** TASK GOAL **
Copied exactly and without pictures, the lines from the beginning of the entries through the one that holds "Kelly Tripucka (Photo" should form the entire reply.

Stored dataset items

○ ○ ○

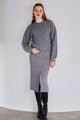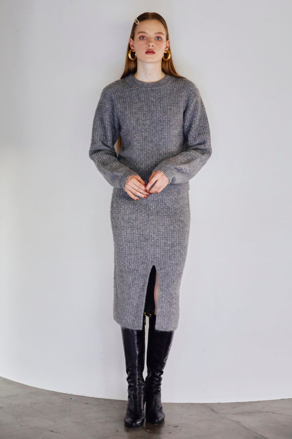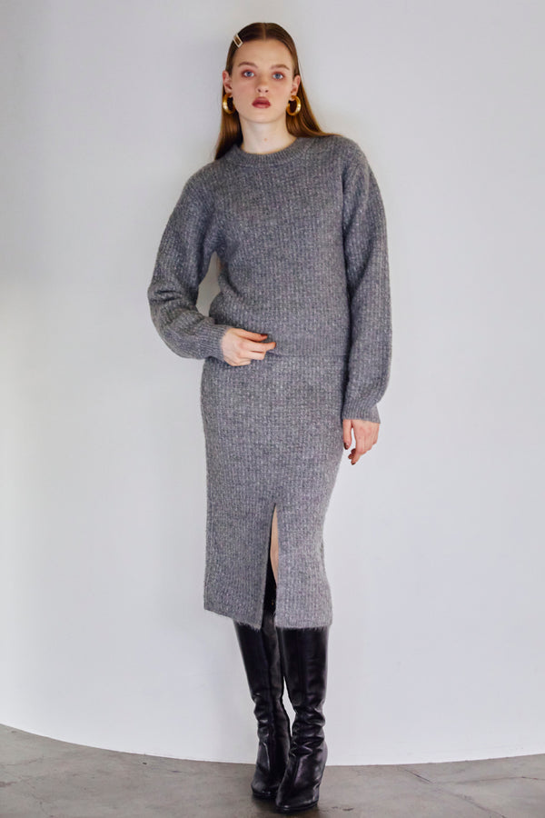 ふんわりとした女性らしい生地感にモードさも感じられるシルエットの組み合わせが◎
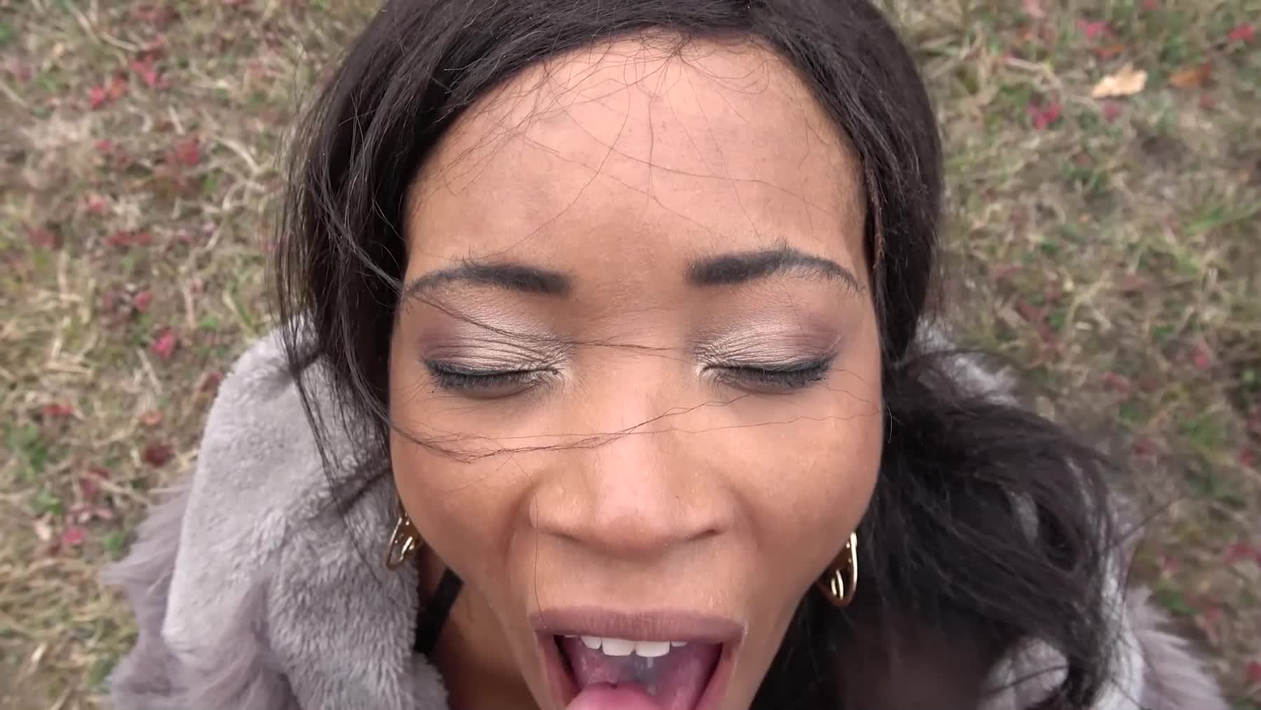 негритянка отсосала белый член и получила сперму в рот, но она ее выплюнула
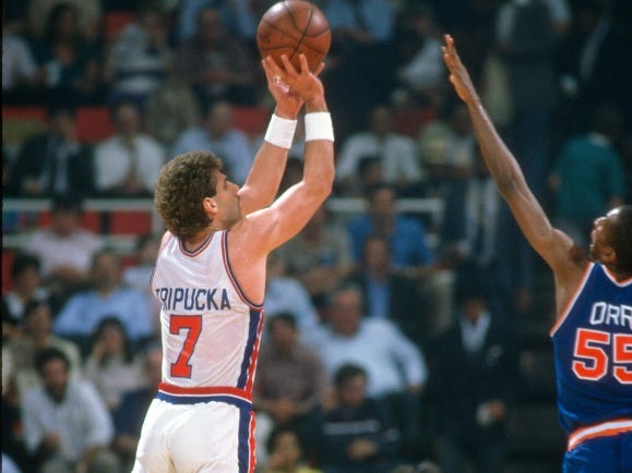 Kelly Tripucka (Photo via -Focus on Sport/Getty Images)When Tripucka burst onto the scene in Detroit in 1981, the scoring forward was quickly recognized as the newest star wing in Motown since Dave Debusschere, putting up averages of nearly 22 points and over five rebounds in just his rookie season. Coming into the league with star guard Isiah Thomas didn't hurt either, as the duo eventually made the team consistent playoff contenders after a couple seasons spent together. However, after five years donning Pistons' red, white and blue and the organization feeling like the franchise was ready to contend, the team shipped him to Utah for established superstar Adrian Dantley. After being sent west, Tripucka was never the same player, struggling with injuries in Salt Lake City before he was eventually forced into an early retirement. While he didn't stay for too long , Tripucka had some memorable years in Detroit and was an integral part of the team during the dawn of the Bad Boys era.
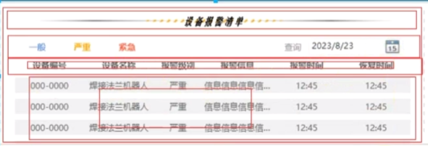<!--列头--> <Grid Grid.Row="2" TextBlock.Foreground="#555" TextBlock.FontWeight="Bold"> <Grid.ColumnDefinitions> <ColumnDefinition/> <ColumnDefinition/> <ColumnDefinition Width="70"/> <ColumnDefinition/> <ColumnDefinition Width="100"/> <ColumnDefinition Width="100"/> </Grid.ColumnDefinitions> <TextBlock Text="设备编号" VerticalAlignment="Center" HorizontalAlignment="Center"/> <TextBlock Text="设备名称" Grid.Column="1" VerticalAlignment="Center" HorizontalAlignment="Center"/> <TextBlock Text="报警级别" Grid.Column="2" VerticalAlignment="Center" HorizontalAlignment="Center"/> <TextBlock Text="报警信息" Grid.Column="3" VerticalAlignment="Center" HorizontalAlignment="Center"/> <TextBlock Text="报警时间" Grid.Column="4" VerticalAlignment="Center" HorizontalAlignment="Center"/> <TextBlock Text="恢复时间" Grid.Column="5" VerticalAlignment="Center" HorizontalAlignment="Center"/> </Grid>
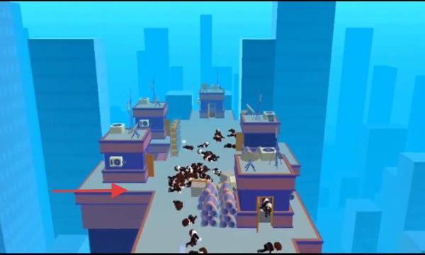 3、场景推进在城市建筑间(蓝紫色高楼),持续清理敌人,跨越屋顶障碍,完成逃生关卡。
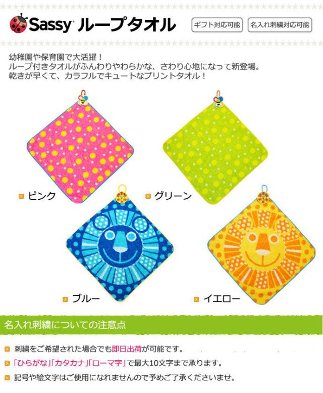 Sassy ループタオル 名入れ 刺繍 名前入り サッシー ミニタオル カラフル ハンカチ ギフトセット プレゼント
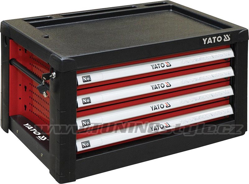 Profesionální dílenská skříň vybavená 4 centrálně uzamykatelnými zásuvkami. Vodítka jednotlivých zásuvek jsou opatřena kuličkami, uzpůsobenými pro velké zatížení. Každá zásuvka má nosnost max. 25kg Skříňka má bytelnou pracovní desku z ABS materiálu. Okraje jsou opatřeny chráničem odolným proti nárazu. Stěny skříně jsou zdvojené a zjedné strany je provedena perforace pro možnost zavěšení nářadí.... Celý popis
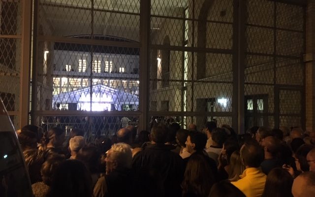 Per oltre mezz’ora dall’inizio dell’intervento di Sgarbi, nell’ambito delle manifestazioni per il centenario dell’impresa di Fiume, personale di varia fattezza e divisa si è avvicendato presso il cancello est (nella foto del titolo) per assicurare che prima o poi tutti sarebbero entrati, appena completate le operazioni di verifica del rischio per il limite di capienza.
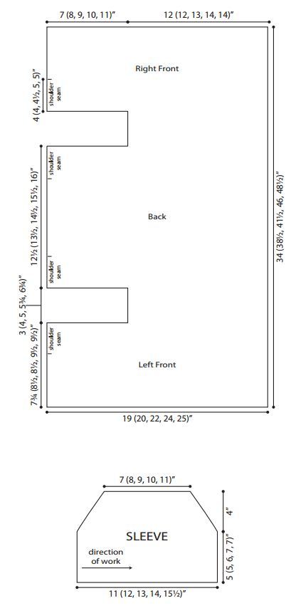 Finished SizeSmall (Medium, Large, 1X, and 2X) to Fit Bust: 32 (36, 40, 44, 48)”; Finished Bust: 34 (38 ½, 41½, 46, 48½ )”; Finished Length: 19 (20, 22, 24, 25)”

○ ○ ○

** SOLUTION TO THE EXERCISE **
 ふんわりとした女性らしい生地感にモードさも感じられるシルエットの組み合わせが◎
 негритянка отсосала белый член и получила сперму в рот, но она ее выплюнула
 Kelly Tripucka (Photo via -Focus on Sport/Getty Images)When Tripucka burst onto the scene in Detroit in 1981, the scoring forward was quickly recognized as the newest star wing in Motown since Dave Debusschere, putting up averages of nearly 22 points and over five rebounds in just his rookie season. Coming into the league with star guard Isiah Thomas didn't hurt either, as the duo eventually made the team consistent playoff contenders after a couple seasons spent together. However, after five years donning Pistons' red, white and blue and the organization feeling like the franchise was ready to contend, the team shipped him to Utah for established superstar Adrian Dantley. After being sent west, Tripucka was never the same player, struggling with injuries in Salt Lake City before he was eventually forced into an early retirement. While he didn't stay for too long , Tripucka had some memorable years in Detroit and was an integral part of the team during the dawn of the Bad Boys era.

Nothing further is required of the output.